Staff in hospital departments, mental health and community services should be engaged in efforts to improve systems and the quality and efficiency of services.
This type of quality improvement (QI), or service improvement involves a study of the way systems work and may involve a study of alternative ways of organising: but is not “research” as understood by academics.
Indeed it is important to resist the efforts by academics to turn quality improvement into an academic pursuit, or one carried out by specific separate QI departments and handed down to staff at the front line.
A recent BMJ ‘essay’ by a high-flying Cambridge academic, How to improve healthcare improvement is undermined from the outset by getting this wrong.
The author, Mary Dixon-Woods, appears to set off in a promising direction, warning of the inadequate focus on quality improvement, on learning from failures and seeking to ensure systems have “the preconditions for high quality, safe care: funding, staff, training, buildings, equipment, and other infrastructure.”
But she goes on to question the effectiveness of quality improvement in improving quality – not by comparing the performance and outcomes of departments and trusts before and after initiatives have been implemented, but on the basis of an absence of randomised control trials.
US quality expert Don Berwick made clear back in 1996 that this was not a useful way to assess such work:
“When we try to improve a system we do not need perfect inference about a pre-existing hypothesis: we do not need randomisation, power calculations, and large samples. We need just enough information to take a next step in learning.
“Often a small series of patients or a few closely observed events contain more than enough information for a specific process change to be evaluated, refined, or discarded, just as my daughter, in learning to ride her bicycle, sometimes must fall down only once to learn not to try that manoeuvre again.”
Much QI work takes place on a day to day basis within well-managed departments seeking to improve their performance, and is not written up into peer-reviewed academic papers.
The starting point must be what Berwick describes as the Central Law of Improvement: “every system is perfectly designed to produce the results it achieves”.

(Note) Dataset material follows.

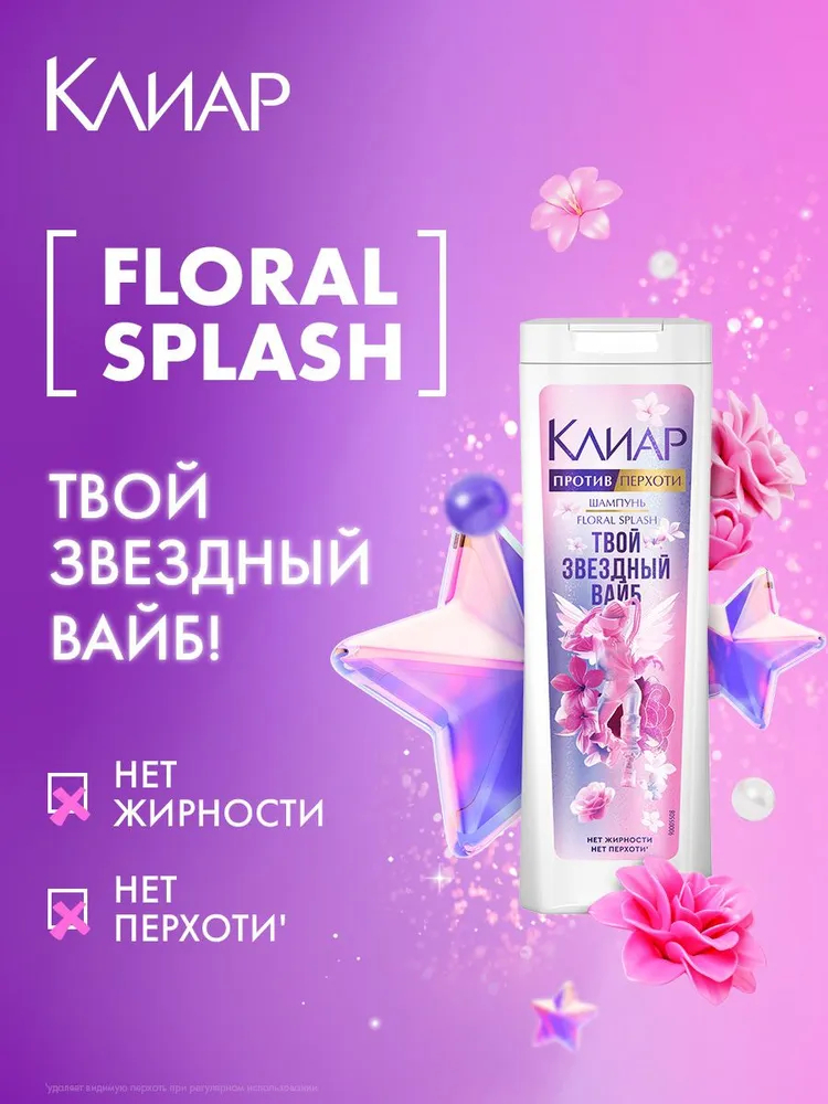 Шампунь женский Clear Floral Splash для подростков против перхоти обладает приятной гелевой текстурой и ярким ароматом, в котором сочетаются романтическая нота нежной розы и яркая и бодрящая цитрусовая нотка лемонграсса.

So if we want to improve the quality of care delivered, we have to improve the system, and address any gaps, delays, confusion and other weaknesses that impede or undermine patient care.
Moreover if a quality improvement exercise results in a reduction in hospital-acquired infection – perhaps by improved and more frequent cleaning of doctors’ stethoscopes, for example, or similar measures – there is no sense in then adopting a randomised control trial in which some patients are put at greater risk by research in which some doctors act as the “control” by not cleaning their stethoscopes.
The process for quality improvement advocated by Berwick, by the US Institute for Healthcare Improvement and by British advocates (including the 1000Lives Plus initiative in Wales) is the implementation in the workplace of a “plan-do-study-act (PDSA) cycle”.
Berwick sums this up as inductive learning – “he growth of knowledge through making changes and then reflecting on the consequences of those changes.”
He argues that “… the enterprise of testing change in informative cycles should be part of normal daily activity throughout an organisation.”
If it’s a part of normal daily activity, it’s not academic research. Berwick says this method represents a democratisation of scientific method.
This is very different from the way academics seek to find a role for themselves and subject any area of inquiry to their own assumptions.
Ms Dixon-Woods argues some QI efforts, “perversely, may cause harm—as happened when a multicomponent intervention was found to be associated with an increase rather than a decrease in surgical site infections.”
Had this intervention adopted a PDSA approach it would have been stopped as soon as there was any evidence of harm being done.
She also cites a study by a team including Lord Darzi that attempts to assess peer-reviewed publications of PDSA cycles but which complains that they show an “inconsistent approach” but “does not conclude whether better application of the PDSA method results in better outcomes.”
Academics are unhappy with an approach that shows academics and their methods to be unnecessary and even unhelpful.
Even Dixon-Woods admits that “not all improvement needs to involve a well defined QI intervention, and not everything requires a discrete project with formal plan-do-study-act cycles.”
Indeed the second page of her essay is considerably more constructive than the first, noting that “many high performing organisations, including many currently rated as outstanding by the Care Quality Commission … use structured methods of continuous quality improvement.
“But studies of high performing settings … indicate that although continuous improvement is key to their success, a specific branded improvement method is not necessary.”
She also criticises mental health and learning disability services for paying much less attention than acute hospitals to quality and safety improvement.
So the essay serves as a useful spur to discussion of how services can be improved for patients through the involvement of the staff who care for them and addressing systemic problems rather than individual skills and behaviour.
Some of the right answers are included for those who stay the course and plough through a first page which is littered with the wrong ones.